I am working within the MySQL admin area (server side)

is this meant to be done on the PHP side?

davidj
12-04-2007, 08:22 PM
its done using PHP insert query

do you hand code? or use dreamweaver code

cocoonfx
12-04-2007, 08:36 PM
Ah ha ok i get it now.....

bit of both, i think this is what confuses me.... it shouldn't but it does, i am a designer at heart not a programmer. Still learning.

so i do


<?PHP
include("includes/connect.php");

$id = mysql_insert_id();

$query =sprintf("INSERT into user (user_id) VALUES ('$id',')");
mysql_query($query,$dbh)or die(mysql_error());

$query2 =sprintf("INSERT into user_details (id) VALUES ('$id',')");
mysql_query($query,$dbh)or die(mysql_error());

?>

Is that correct? Sorry for the step by step guide but i have had a very very bad day.

davidj
12-04-2007, 08:41 PM
<?PHP
include("includes/connect.php");

$query =sprintf("INSERT into user (user_id) VALUES ('$id',')");
mysql_query($query,$dbh)or die(mysql_error());

$id = mysql_insert_id(); //<< needs to be after the auto id has been created and before the other insert

$query2 =sprintf("INSERT into user_details (id) VALUES ('$id',')");
mysql_query($query,$dbh)or die(mysql_error());

?>

cocoonfx
12-04-2007, 09:20 PM
Oooooh its not working.....:confused:


when i check the table in PHPadmin the user table updates with a row of nulls. see picky below...

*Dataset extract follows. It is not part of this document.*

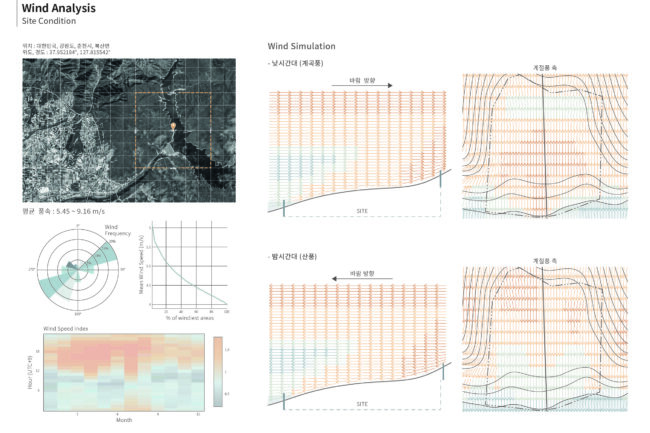 이러한 냉각 방식을 건축적으로 구체화하기 위해 CFD(Computational Fluid Dynamics) 시뮬레이션을 활용하여 부지에 부는 바람의 방향과 세기 등을 분석하였다. 이러한 시뮬레이션 결과를 바탕으로, 해당 부지에 가장 많이 부는 계절풍의 축을 확인하고, 낮과 밤 시간대에 부는 바람이 서로 반대 방향인 점도 함께 파악하였다.

I am struggling here mate not sure its because of its been a long day but i just don't seem to get it.

I have taken some screen shots of the PHPadmin tables

davidj
12-05-2007, 05:45 AM
look at this..

VALUES ('$id',')")

what is the ,' (comma quote) doing?

cocoonfx
12-05-2007, 06:13 PM
Hello David


6:45am are you mad!

sorry for being think last night. i am going to have enough stab at this at later tonight.

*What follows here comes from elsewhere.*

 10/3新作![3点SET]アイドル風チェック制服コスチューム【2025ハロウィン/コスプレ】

Could i take you up on the flow diagram as often this help me a great deal.

so the fields are:

Table = user - Controls Sessions and login

user id | username | password | email | timestamp

Table = user_detail - All details about user (s)

detail_id | age | weight | rbmpstart | gender | jandiary | janexec | febdiary | feb diary | bmistart | bmp | bmi | notes

Let me know if you need anything else.

Thanks again
James

davidj
12-05-2007, 06:49 PM
6:45am are you mad!


take the wife to work at 7am so check the forum while waiting for her to get ready.

hehe sad eh

davidj
12-05-2007, 07:18 PM
ok

here it is in full


<?php
$hostname = "localhost";
$username = "username";
$password = "password";
$database = "database";

$connect = mysql_pconnect($hostname, $username, $password) or trigger_error(mysql_error(),E_USER_ERROR);

$name = $_POST['name'];
$password = $_POST['password'];

if($name && $password){

mysql_select_db($database, $connect);
$query = sprintf("insert into user (name, password) values ('$name', '$password')");
$send = @mysql_query($query);
$result = @mysql_fetch_array($send);

$id = mysql_insert_id();

mysql_select_db($database, $connect);
$query2 = sprintf("insert into user_details (USER_ID) values ('$id')");
$send2 = @mysql_query($query2);
$result2 = @mysql_fetch_array($send2);
}
?>



<!DOCTYPE html PUBLIC "-//W3C//DTD XHTML 1.0 Transitional//EN" "http://www.w3.org/TR/xhtml1/DTD/xhtml1-transitional.dtd">
<html xmlns="http://www.w3.org/1999/xhtml">
<head>
<meta http-equiv="Content-Type" content="text/html; charset=utf-8" />
<title>Untitled Document</title>
</head>
<body>
<form id="form1" name="form1" method="post" action="insert.php">
<p>
<input type="text" name="name" id="name" />
</p>
<p>
<input type="text" name="password" id="password" />
</p>
<p>
<input type="submit" name="button" id="button" value="Submit" />
</p>
</form>
</body>
</html>

cocoonfx
12-05-2007, 08:08 PM
Thanks mate works a dream....

I can see where i screwed up i did not set the unique key's on the tables and also i did not add in the '$results' variable.

Its quite funny i can look at code and see exactly how it works but ask me to write code thats where i fall apart.....

think with time i should get better.....problem is i don't do php daily so it a slow process to learn.

I owe you a case of beer .... :grin:

davidj
12-06-2007, 09:04 AM
you dont need the $result var / mysql_fetch_array function as your not returning stuff back

it was me just speed coding. I was on auto pilot.